___ Supplied information

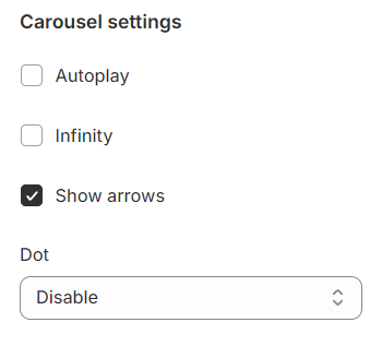 **Show Arrows:** Activate arrows for users to manually swipe through carousel items and dots for a visual indicator of their position within the carousel.
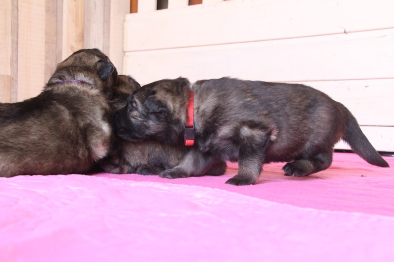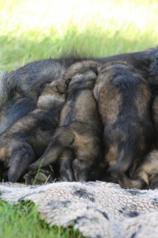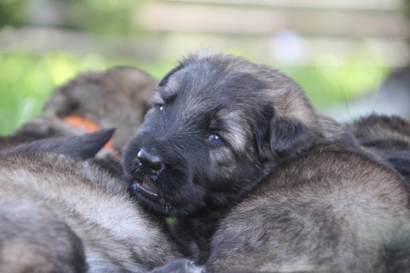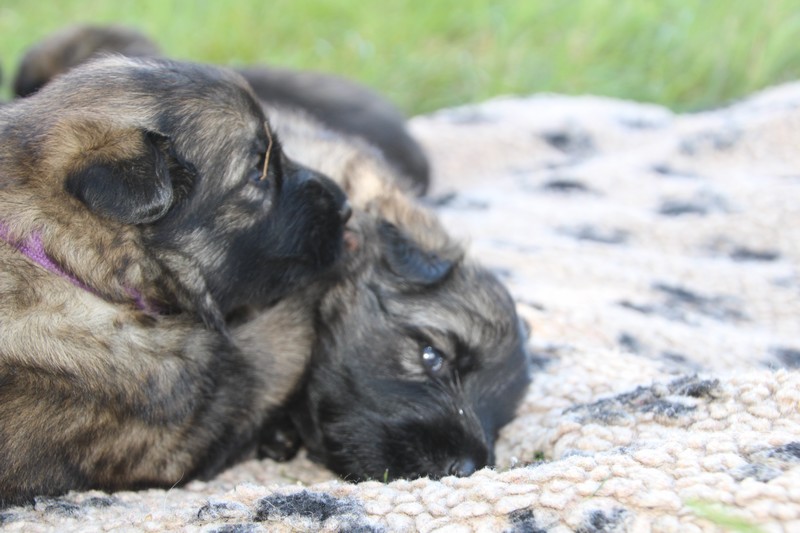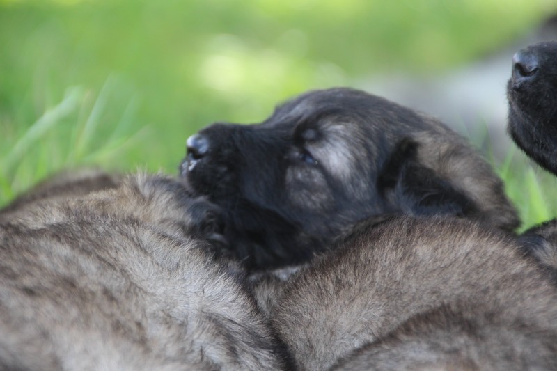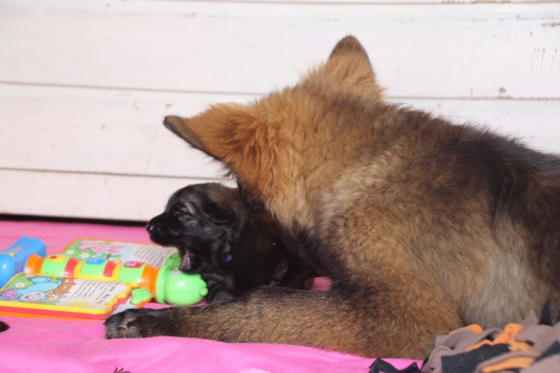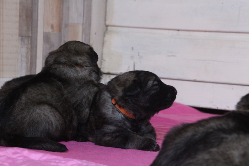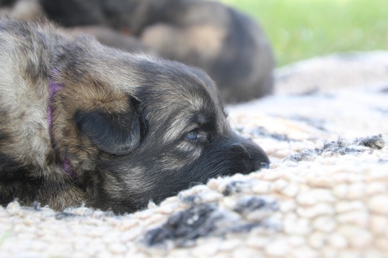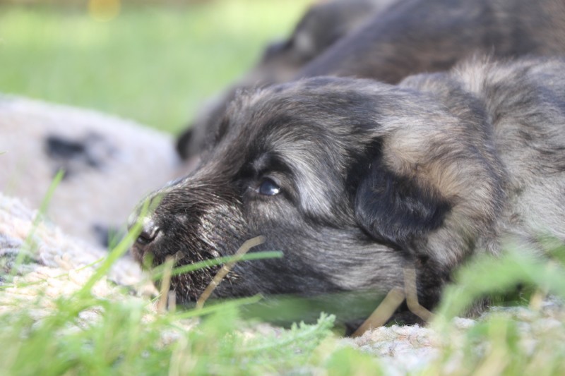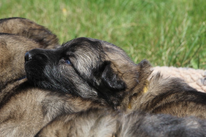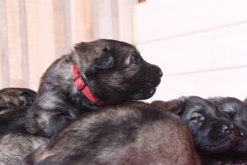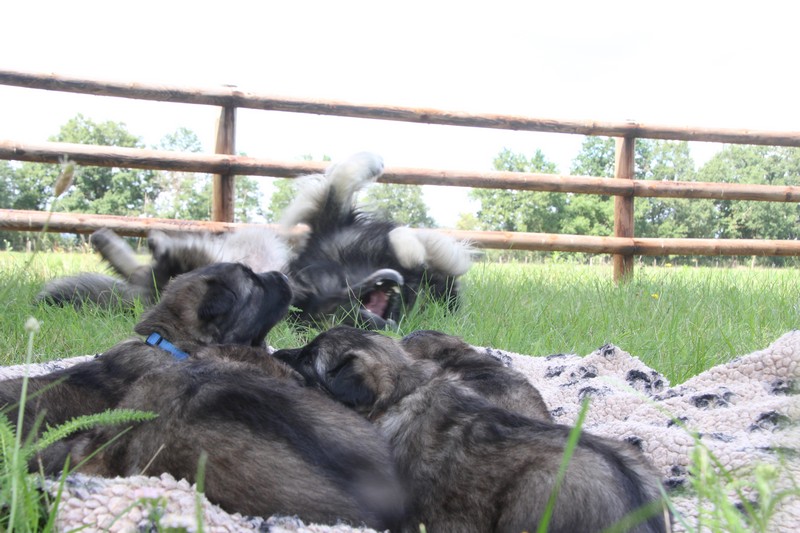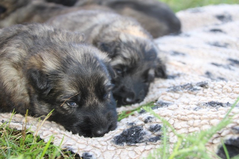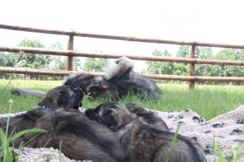 Cela fait 21 jours que nous sommes sortis du ventre de maman et tous nos sens commencent à être en éveils, pour la vue ce n’est pas encore tout à fait cela, mais nous compensons largement avec notre nez. Nous commençons à être déplacés d’un endroit à un autre afin de nous habituer peu à peu à divers environnements, maman est toujours avec nous pour les premières découvertes, c’est bien plus rassurant pour nous. Quelques copains de la meute sont aussi venus nous voir, mais ce n’est pas très drôle, nous avons eu beau chercher, aucun d’entre eux n’ont de lait…
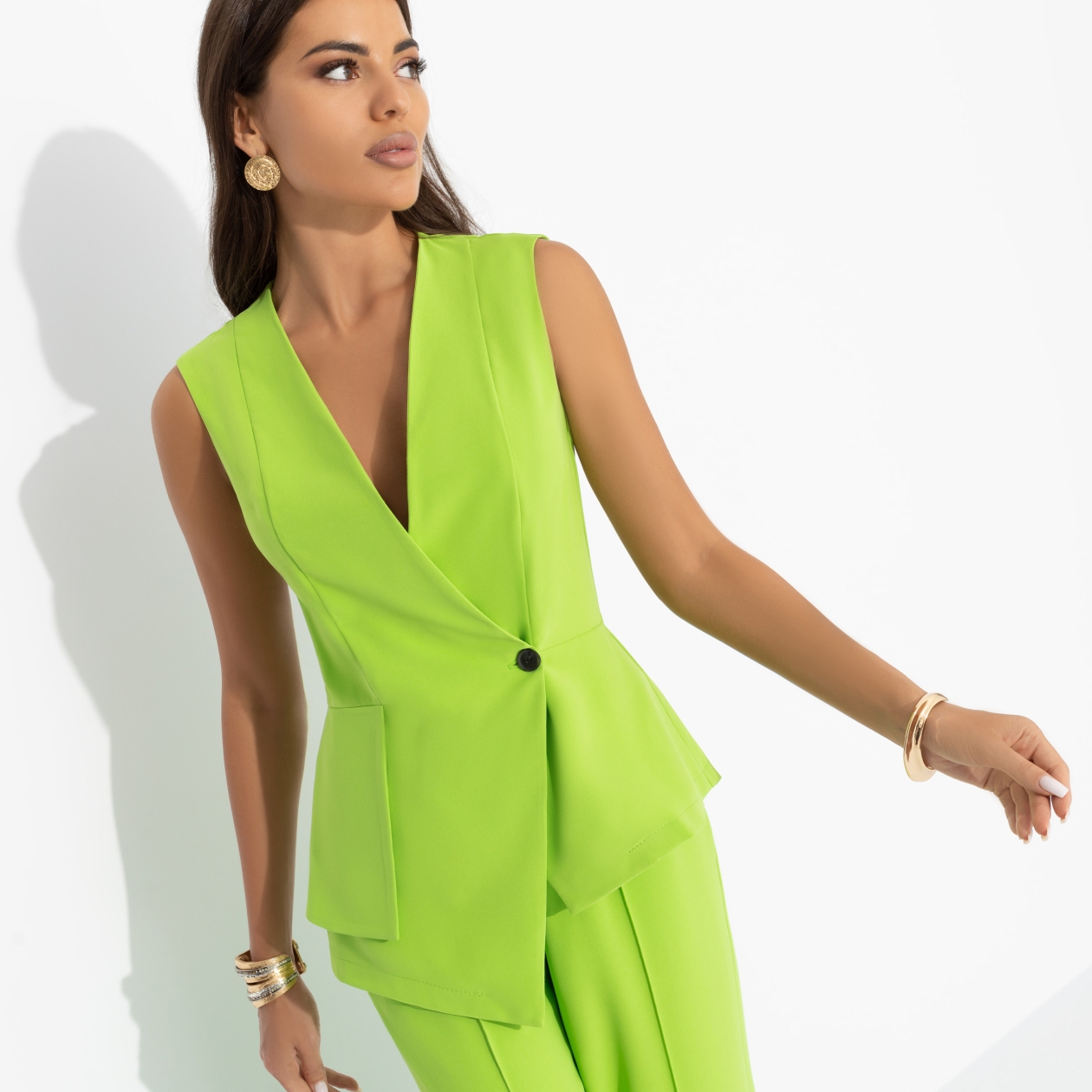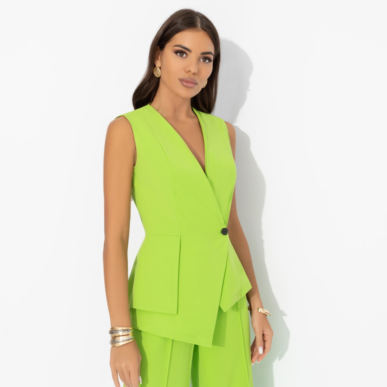 Мама всегда одевала тебя ярко. Так ей было удобно видеть тебя из окна. Но ты взяла лучшее из этого опыта – умение играть с оттенками и смелость быть выразительной. Жилет CHARUTTI в цвете сочного лайма не пугает тебя, а соблазняет. Ты с удовольствием принимаешь модный вызов. Жилет приталенного силуэта. Однобортный, без лацканов. Асимметричный крой изделия. Застегивается на пуговицу.

______

- [Work request]:
Repeat the material exactly. Skip the images.

- [Result for this exercise]:
 **Show Arrows:** Activate arrows for users to manually swipe through carousel items and dots for a visual indicator of their position within the carousel.
 Cela fait 21 jours que nous sommes sortis du ventre de maman et tous nos sens commencent à être en éveils, pour la vue ce n’est pas encore tout à fait cela, mais nous compensons largement avec notre nez. Nous commençons à être déplacés d’un endroit à un autre afin de nous habituer peu à peu à divers environnements, maman est toujours avec nous pour les premières découvertes, c’est bien plus rassurant pour nous. Quelques copains de la meute sont aussi venus nous voir, mais ce n’est pas très drôle, nous avons eu beau chercher, aucun d’entre eux n’ont de lait…
 Мама всегда одевала тебя ярко. Так ей было удобно видеть тебя из окна. Но ты взяла лучшее из этого опыта – умение играть с оттенками и смелость быть выразительной. Жилет CHARUTTI в цвете сочного лайма не пугает тебя, а соблазняет. Ты с удовольствием принимаешь модный вызов. Жилет приталенного силуэта. Однобортный, без лацканов. Асимметричный крой изделия. Застегивается на пуговицу.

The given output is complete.